Segue-se depois a transcrição de alguns excertos, um dos quais evoca Aristides Sousa Mendes, o cônsul português em Bordéus que, desobedecendo a Salazar, salvou a vida a milhares de refugiados judeus cujo destino, não tivesse ele arriscado a carreira nesse gesto, teria sido a câmara de gás.
Passo a citar o Expresso: um «dos capítulos, porventura o mais polémico [e sublinho eu o advérbio porventura], chama-se "A mitificação de Aristides de Sousa Mendes". O embaixador acusa o cônsul de "actuação irregular". "De forma totalmente irrealista, fala-se em 30 mil" o número de vistos "concedidos em apenas alguns poucos dias pelo cônsul e seus familiares, de forma cega, no consulado e até nos cafés da vizinhança". Themido sublinha "a necessidade de manter disciplina nos serviços que de forma directa ou indirecta pudessem, com a sua actuação, afectar o estatuto de neutralidade" do país. Para o embaixador, Aristides foi um "mito criado por judeus e pelas forças democráticas saídas do 25 de Abril". E mais à frente: "quando a família" do cônsul, "grupos judaicos e forças da esquerda ressuscitaram o assunto, procurei saber mais sobre o ocorrido". Observa que Aristides apenas "pertencia à carreira consular, considerada carreira menor em relação à carreira diplomática". Por outro lado, o processo disciplinar ao cônsul em Bordéus "foi o último de vários de que foi alvo ao longo da carreira, quase sempre por abandono do posto ou concussão". Nota que a maioria dos processos "desapareceu misteriosamente" do MNE e que o de Bordéus está "incompleto". Assim, considera "incompreensível criticar" o Ministério, "incluindo o ministro, por ter aplicado a lei nas circunstâncias da época"».

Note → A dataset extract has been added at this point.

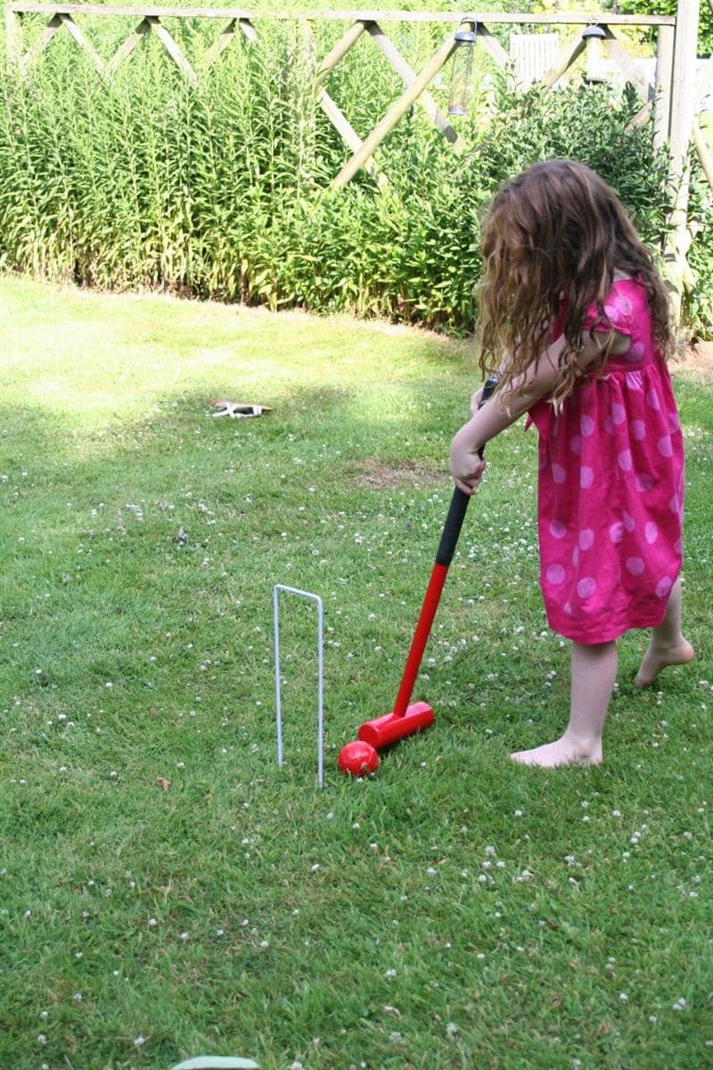 Substantial mallets but lighter and shorter than the official size make this set the perfect take along garden game. Some full sized competition sets are simply too large and unwieldy for younger players. And some toys sets are just too small and flimsy for adults to play. Our law croquet set allows players of all ages to enjoy the game. Why not hire this to have at your wedding or party for your guests to enjoy?
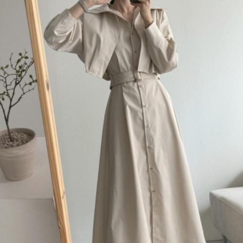 [다잇템][다잇템] 여성 들러리 출근용 FW 남방 혁대 롱 원피스_23438072_588872

Deixando de lado o «fala-se em 30 mil», «forma cega», «neutralidade», «circunstâncias», «carreira menor» e etc., concluo que para este senhor quando se trata de escolher entre salvar uma(s) vida(s) ou a «disciplina dos serviços» e a sua regularidade, não há nunca que hesitar: opte-se pelas últimas! Perante tão miserável juízo é natural que a loucura compassiva de Aristides Sousa Mendes lhe seja incompreensível. Porque é preciso possuir alguma nobreza em si para entender um gesto nobre.
A Hall Themido assentar-lhe-á antes como uma luva a frase com que define a princesa Diana de Gales: «Escondido por detrás de um sorriso estereotipado, pareceu estar uma pessoa fria e sem interesse». A mim nem me parece, tenho a certeza.